BitsAndBytesConfig int-4 config
bnb_config = BitsAndBytesConfig(
load_in_4bit=True,
bnb_4bit_use_double_quant=True,
bnb_4bit_quant_type="nf4",
bnb_4bit_compute_dtype=torch.bfloat16
)
print("initiating model download")
model = AutoModelForCausalLM.from_pretrained(model_id,
quantization_config=bnb_config,
use_cache=False,
attn_implementation="flash_attention_2",
torch_dtype=torch.bfloat16,
device_map="auto", token=access_token)
peft_config = LoraConfig(
lora_alpha=16,
lora_dropout=0.1,
target_modules=["q_proj", "v_proj"],
r=64,
bias="none",
task_type="CAUSAL_LM",
)
prepare model for training
model = prepare_model_for_kbit_training(model)
model = get_peft_model(model, peft_config)

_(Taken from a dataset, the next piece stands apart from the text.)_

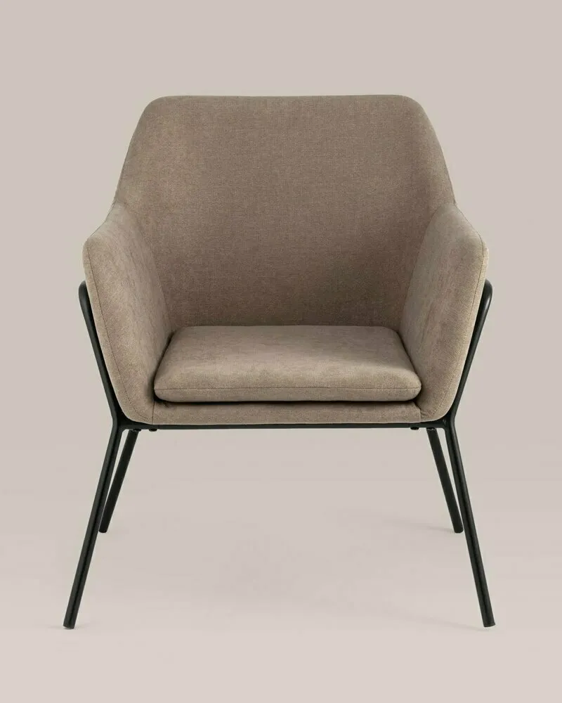 El sillón es útil no solo en la sala de estar. En la habitación se necesita para una zona con escritorio de baño o un pequeño espacio para descanso, donde puede relajarse leyendo su libro favorito. El sillón beige con respaldo ergonómico y asiento blando garantiza comodidad en uso, y su diseño elegante con patas delgadas no sobrecargará el interior. El revestimiento está hecho de shantung, los altos reposabrazos garantizan comodidad adicional.

from transformers import TrainingArguments
args = TrainingArguments(
output_dir=output_dir,
num_train_epochs=15,
per_device_train_batch_size=8,
gradient_accumulation_steps=2,
gradient_checkpointing=True,
optim="paged_adamw_32bit",
logging_steps=100,
save_strategy="epoch",
learning_rate=2e-4,
bf16=True,
tf32=True,
max_grad_norm=0.3,
warmup_ratio=0.03,
seed=42,
eval_steps=100,
lr_scheduler_type="cosine",
evaluation_strategy='epoch',
disable_tqdm=False,
load_best_model_at_end=True,
metric_for_best_model="eval_loss",
greater_is_better=False,
report_to="wandb",
run_name=run_name # disable tqdm since with packing values are in correct
)
from trl import SFTTrainer
max_seq_length = 2048 # max sequence length for model and packing of the dataset
trainer = SFTTrainer(
model=model,
peft_config=peft_config,
max_seq_length=max_seq_length,
tokenizer=tokenizer,
packing=True,
formatting_func=generate_prompt, # this will aplly the create_prompt mapping to all training and test dataset
args=args,
train_dataset=dataset["train"],
eval_dataset=dataset["test"]
)
trainer.train()
few reqs that might help
accelerate==0.27.2
transformers==4.38.1
trl==0.7.11
bitsandbytes==0.42.0
Hi @saireddy !
This is because you need to make sure your model fits the entire GPU instead of splitting it across all available devices. Can you try:
+ from accelerate import PartialState
bnb_config = BitsAndBytesConfig(
load_in_4bit=True,
bnb_4bit_use_double_quant=True,
bnb_4bit_quant_type="nf4",
bnb_4bit_compute_dtype=torch.bfloat16
)
model = AutoModelForCausalLM.from_pretrained(
model_id,
quantization_config=bnb_config,
attn_implementation="flash_attention_2",
torch_dtype=torch.bfloat16,
- device_map="auto",
+ device_map={"": PartialState().process_index}
token=access_token
)
peft_config = LoraConfig(
lora_alpha=16,
lora_dropout=0.1,
target_modules=["q_proj", "v_proj"],
r=64,
bias="none",
task_type="CAUSAL_LM",
)
model = prepare_model_for_kbit_training(model)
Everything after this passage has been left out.